Jury had returned to Ardry End after leaving the Northampton station. They had wandered around the grounds, visited the barn and its occupants, argued yet again about Aggro/Joey, and were now sitting in the living room, having a drink before dinner.
In answer to Plant’s question, he could only repeat what he had said to Brierly.
“A distraction you’re suggesting?”
“Yes. It’s possible. Or maybe the killer is playing games, or has a flair for the dramatic . . . who knows?”
“If Belle Syms was being impersonated, police are looking for not one but two people. This other woman might have furnished an alibi, but she adds a danger.”
“What?”
“When you include someone in your plan, you’d better be able to trust that person. And if it’s murder, well . . .”
“Anyway, it’s not my case.”
“You keep saying that, but you keep doing things about it.”
“I’m thinking more about Tess Williamson.”
“I wondered if it could have been suicide.”
“Possibly,” said Jury. “It certainly wasn’t an accident.”
“You don’t think she killed that child, do you?”
“No. She didn’t do it. But I’m betting she knew who did.”
/> “And she told no one, not even her husband?”
Jury frowned. “That was what finally got to her, I think: that she’d let Tom Williamson suffer. That she’d let him down.”
Melrose gave him a look of disbelief. “You don’t kill yourself because you’ve let somebody down.”
“Maybe you’ve never been let down.”
Melrose reached into his pocket for his cigarettes. “Mind if I smoke?”
“Mind if I mind?”
“Not at all.” He removed a cigarette, lit up.
Jury’s eyes followed the smoke scrim as Melrose exhaled.
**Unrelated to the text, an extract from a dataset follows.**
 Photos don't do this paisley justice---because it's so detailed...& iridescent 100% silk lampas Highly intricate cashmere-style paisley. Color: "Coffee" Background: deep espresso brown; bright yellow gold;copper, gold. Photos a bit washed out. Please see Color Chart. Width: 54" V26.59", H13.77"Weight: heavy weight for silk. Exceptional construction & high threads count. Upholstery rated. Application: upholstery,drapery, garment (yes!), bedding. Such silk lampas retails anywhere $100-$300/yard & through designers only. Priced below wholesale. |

“You know,” Melrose, unbothered by Jury’s longtime smoke-yearnings, worse than any alcoholic’s need of a drink, said, “there’s another side to her wanting to make her death appear accidental. I’m assuming, of course, she did this so that her husband wouldn’t have to go through the shock of his wife’s suicide. If that’s what it was. Now, she’s tried to save him from one thing only to drop him into another; and that is, he would never ever know what happened to Hilda Palmer. And now look what’s happened: Tom Williamson wants her case reopened. He’s never put any of it to rest. And sounds like he never will, unless you do something.”
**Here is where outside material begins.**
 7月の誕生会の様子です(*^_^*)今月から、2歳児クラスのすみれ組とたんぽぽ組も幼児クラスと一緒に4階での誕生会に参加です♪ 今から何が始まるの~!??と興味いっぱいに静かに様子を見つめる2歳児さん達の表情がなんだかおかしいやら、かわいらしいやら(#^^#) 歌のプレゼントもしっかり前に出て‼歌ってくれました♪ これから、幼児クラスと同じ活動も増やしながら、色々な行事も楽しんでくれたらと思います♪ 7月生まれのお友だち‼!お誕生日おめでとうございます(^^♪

“It’s down to me, is it?” Jury felt a little resentful.
“Well, it certainly doesn’t seem to be down to Brian Macalvie. Macalvie, who’s the only one with the kind of imagination to get beneath all of this, appears to be hung up on the woman.”
Jury looked at Melrose, disturbed by what he said. He rose, went to the fireplace, kicked back a bit of sparking wood that had gotten free. He stood there. “I guess you’re right. She should have told Tom what she knew.”
Melrose leaned forward, elbows on knees. “So here she is, Tess Williamson, in a dilemma: not to tell her husband is to leave him forever wondering. At the same time, she’s too ashamed to tell him because she’s kept quiet about it for years. We look at this dilemma from our vantage point and it seems easily solved. Just tell him—”
“So we’re back again to the question of who Tess Williamson was protecting. Assuming you’re right. There were eight people at Laburnum on that occasion, two adults and six children.”